* DATA SUPPLIED:

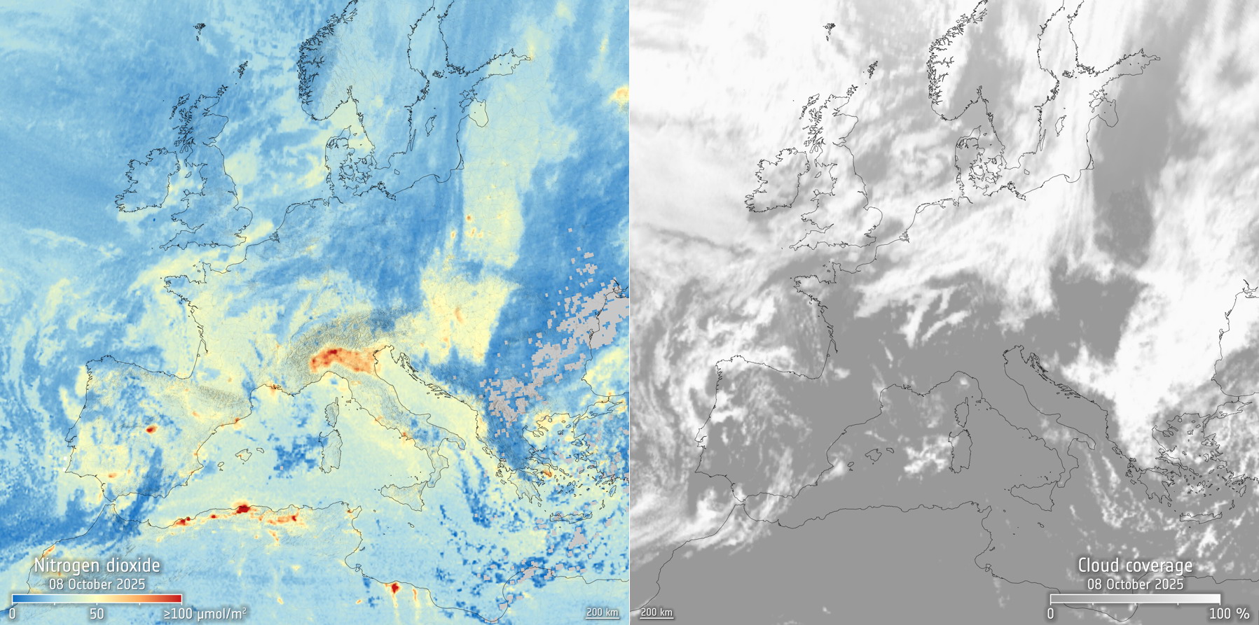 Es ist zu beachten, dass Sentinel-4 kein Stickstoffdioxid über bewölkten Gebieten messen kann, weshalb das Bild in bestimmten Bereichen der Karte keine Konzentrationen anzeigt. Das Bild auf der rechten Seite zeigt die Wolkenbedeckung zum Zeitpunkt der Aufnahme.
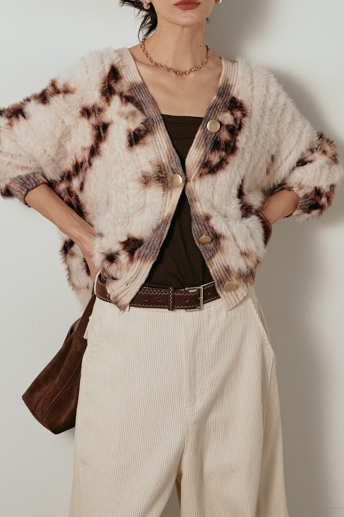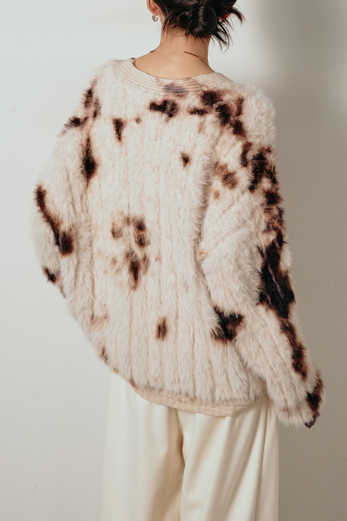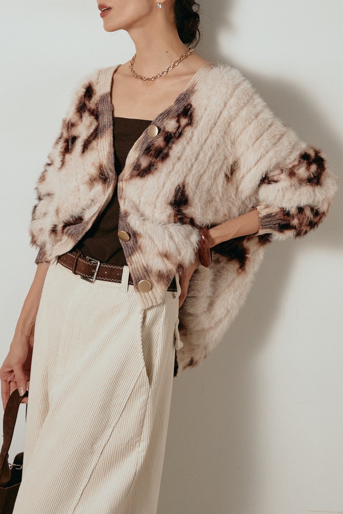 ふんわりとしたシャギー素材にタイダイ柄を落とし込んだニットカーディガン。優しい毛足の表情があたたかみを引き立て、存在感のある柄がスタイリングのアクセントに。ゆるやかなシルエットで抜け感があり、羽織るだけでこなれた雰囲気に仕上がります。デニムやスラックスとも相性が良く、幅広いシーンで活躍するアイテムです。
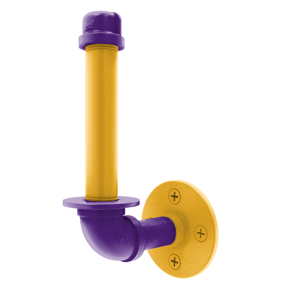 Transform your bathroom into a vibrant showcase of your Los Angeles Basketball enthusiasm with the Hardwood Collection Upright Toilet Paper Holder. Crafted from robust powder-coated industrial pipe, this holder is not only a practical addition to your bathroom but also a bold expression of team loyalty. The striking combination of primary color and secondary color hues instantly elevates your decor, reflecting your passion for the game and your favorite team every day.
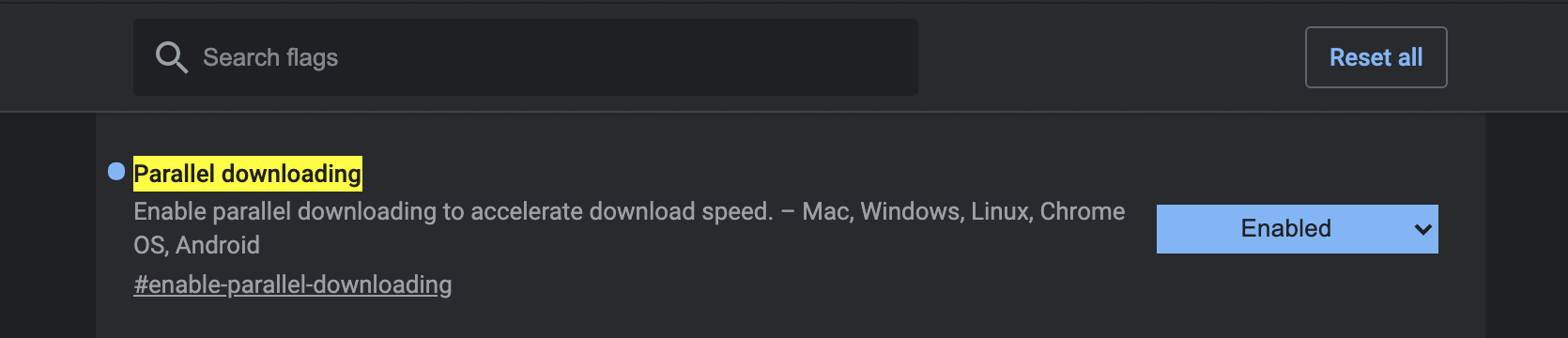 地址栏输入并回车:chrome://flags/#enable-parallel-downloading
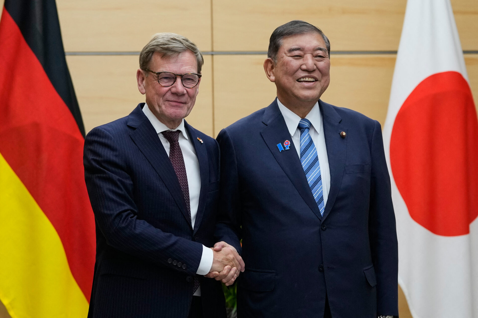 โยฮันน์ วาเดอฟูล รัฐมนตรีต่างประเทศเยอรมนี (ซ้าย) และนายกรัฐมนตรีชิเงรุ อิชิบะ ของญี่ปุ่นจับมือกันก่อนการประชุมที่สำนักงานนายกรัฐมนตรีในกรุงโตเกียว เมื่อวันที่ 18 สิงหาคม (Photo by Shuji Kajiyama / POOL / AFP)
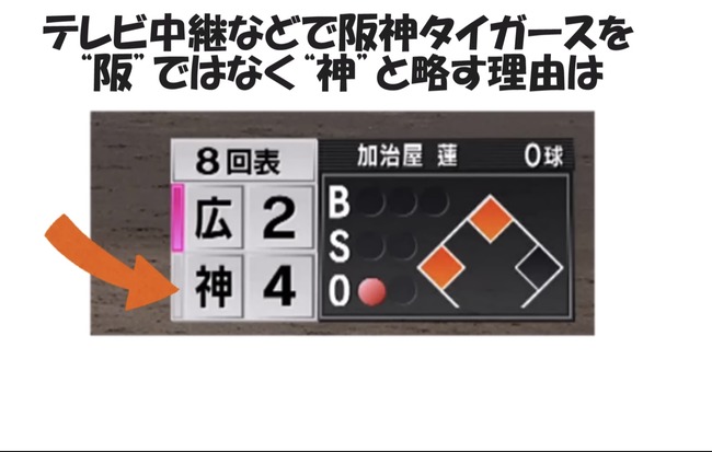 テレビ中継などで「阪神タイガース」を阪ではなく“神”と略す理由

* WORK REQUEST:
Transcribe the listing exactly; omit all images.

* OUTPUT OF THE EXERCISE:
 Es ist zu beachten, dass Sentinel-4 kein Stickstoffdioxid über bewölkten Gebieten messen kann, weshalb das Bild in bestimmten Bereichen der Karte keine Konzentrationen anzeigt. Das Bild auf der rechten Seite zeigt die Wolkenbedeckung zum Zeitpunkt der Aufnahme.
 ふんわりとしたシャギー素材にタイダイ柄を落とし込んだニットカーディガン。優しい毛足の表情があたたかみを引き立て、存在感のある柄がスタイリングのアクセントに。ゆるやかなシルエットで抜け感があり、羽織るだけでこなれた雰囲気に仕上がります。デニムやスラックスとも相性が良く、幅広いシーンで活躍するアイテムです。
 Transform your bathroom into a vibrant showcase of your Los Angeles Basketball enthusiasm with the Hardwood Collection Upright Toilet Paper Holder. Crafted from robust powder-coated industrial pipe, this holder is not only a practical addition to your bathroom but also a bold expression of team loyalty. The striking combination of primary color and secondary color hues instantly elevates your decor, reflecting your passion for the game and your favorite team every day.
 地址栏输入并回车:chrome://flags/#enable-parallel-downloading
 โยฮันน์ วาเดอฟูล รัฐมนตรีต่างประเทศเยอรมนี (ซ้าย) และนายกรัฐมนตรีชิเงรุ อิชิบะ ของญี่ปุ่นจับมือกันก่อนการประชุมที่สำนักงานนายกรัฐมนตรีในกรุงโตเกียว เมื่อวันที่ 18 สิงหาคม (Photo by Shuji Kajiyama / POOL / AFP)
 テレビ中継などで「阪神タイガース」を阪ではなく“神”と略す理由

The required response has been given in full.